Matrix addition is a straightforward operation where corresponding entries of two matrices are added together. This is analogous to regular addition, but it is applied element-wise over matrices. To perform matrix addition, ensure both matrices have the same dimensions. In the given problem, matrices \(A\) and \(B\) are both column matrices with three elements each. Here's how we add them:

• Start by adding each corresponding element: for instance, add the first element of matrix \(A\) and matrix \(B\), which are \(3\) and \(-6\), respectively.
• Continue this process for each element. This leads us to compute: \(3 + (-6) = -3\) for the first element, \(-9 + 12 = 3\) for the second, and \(7 + 9 = 16\) for the third.

Hence, the resulting matrix after addition, \(A + B\), becomes \[A + B = \begin{bmatrix} -3 \ 3 \ 16 \end{bmatrix}.\]Remember, matrix addition is only defined if both matrices are of the same size. This ensures each element has a counterpart in the other matrix.

Just like matrix addition, matrix subtraction also involves the element-wise operation but with subtraction. Again, both matrices must have identical dimensions to perform subtraction. The process is simple:

• Subtract each element of matrix \(B\) from the corresponding element of matrix \(A\).
• For the given problem: For the first elements: \(3 - (-6) = 9\), for the second elements: \(-9 - 12 = -21\), and for the third elements: \(7 - 9 = -2\).

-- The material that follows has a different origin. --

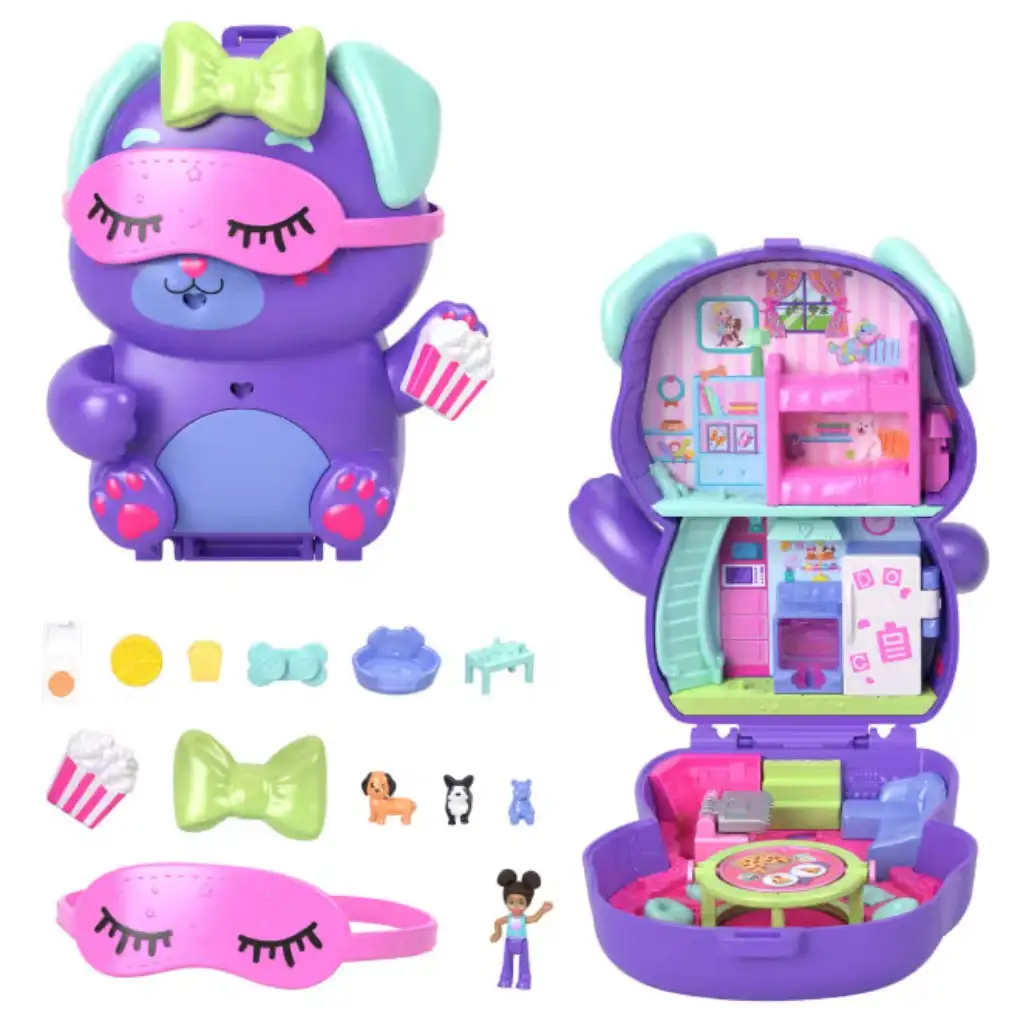 Uvnitř setu se nachází útulný interiér bytu s ložnicí, kuchyní a obývacím pokojem, kde Polly a její mazlíčci mohou trávit čas společně. Balíček obsahuje mini panenku, několik psích figurek a řadu tematických doplňků, které hru ještě více obohacují.

The result of the subtraction \(A - B\) is a new matrix: \[A - B = \begin{bmatrix} 9 \ -21 \ -2 \end{bmatrix}.\]It's crucial to pay attention to the signs during subtraction, especially since matrix elements can be negative. Keep in mind, this operation "subtracts" each corresponding element in your matrices.

In scalar multiplication, each element of a matrix is multiplied by a scalar (a constant number). This operation is applied uniformly to every element of the matrix. Let's delve into the problem:

• When finding \(2A\), you multiply each element of matrix \(A\) by \(2\). So, \(3\) becomes \(6\), \(-9\) becomes \(-18\), and \(7\) becomes \(14\).
• Similarly, for \(3B\), each element of matrix \(B\) is multiplied by \(3\): \(-6\) becomes \(-18\), \(12\) becomes \(36\), and \(9\) becomes \(27\).

The resulting matrices here are: \[2A = \begin{bmatrix} 6 \ -18 \ 14 \end{bmatrix}, \ 3B = \begin{bmatrix} -18 \ 36 \ 27 \end{bmatrix}. \]Scalar multiplication often sets the stage for more complex operations like linear combinations of matrices, as seen when combining with addition and subtraction.

Matrix arithmetic problems can often involve a combination of addition, subtraction, and scalar multiplication. These operations can be pieced together to solve more complex problems. Let's break down an example from the problem:To find \(2A + 3B\):

• First, calculate \(2A\) and \(3B\) using scalar multiplication.
• Then, simply add these matrices: resulting in the matrix \(2A + 3B = \begin{bmatrix} -12 \ 18 \ 41 \end{bmatrix}\).

Similarly, consider \(4A - 2B\):

• Compute \(4A\) and \(2B\) using scalar multiplication.
• Subtract the two: yielding \(4A - 2B = \begin{bmatrix} 24 \ -60 \ 10 \end{bmatrix}\).

Understanding these operations in isolation helps tackle matrix arithmetic problems as a whole, providing answers by systematically applying step-by-step matrix operations.